I could've also used numpy.unique
with the argument return_inverse
to get the same arrays, BUT pandas.factorize
doesn't sort the unique values and that is an order of O(log(n)) that we can save by not using.
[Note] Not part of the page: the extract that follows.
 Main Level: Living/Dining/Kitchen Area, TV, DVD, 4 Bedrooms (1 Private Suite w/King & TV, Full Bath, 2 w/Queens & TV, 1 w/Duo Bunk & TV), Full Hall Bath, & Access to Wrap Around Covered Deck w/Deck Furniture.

For larger data, pandas.factorize
is the winner.
I'll create a holding array that will house the boolean values on whether our any condition is satisfied for each unique value. numpy.logical_or.at
is the function we use to see if any values from a == b
is True
within the specified indices in i
.
I'll demonstrate after the code below.
i, r = pd.factorize(a)
o = np.zeros(len(r), bool)
np.logical_or.at(o, i, a == b)
df.assign(is_found=np.where(o, 'Yes', 'No')[i])
org_id flag r_id is_found
0 4 [4, 73] 4 Yes
1 73 [73] 4 Yes
2 6 [6, 77] 6 Yes
3 77 [77] 6 Yes
4 21 [21] 20 No
5 36 [36, 36] 20 No
6 40 [40] 20 No
7 22 [22, 41] 22 Yes
8 21 [21] 28 No
9 30 [22, 30] 28 No
10 31 [31, 31] 28 No
a == b
array([True, False, True, False, False, False, False, True, False, False, False])
r
are the unique values
r
array([ 4, 6, 20, 22, 28])
i
are the indices
i
array([0, 0, 1, 1, 2, 2, 2, 3, 4, 4, 4])
So r[i]
reproduces a
r[i]
array([ 4, 4, 6, 6, 20, 20, 20, 22, 28, 28, 28])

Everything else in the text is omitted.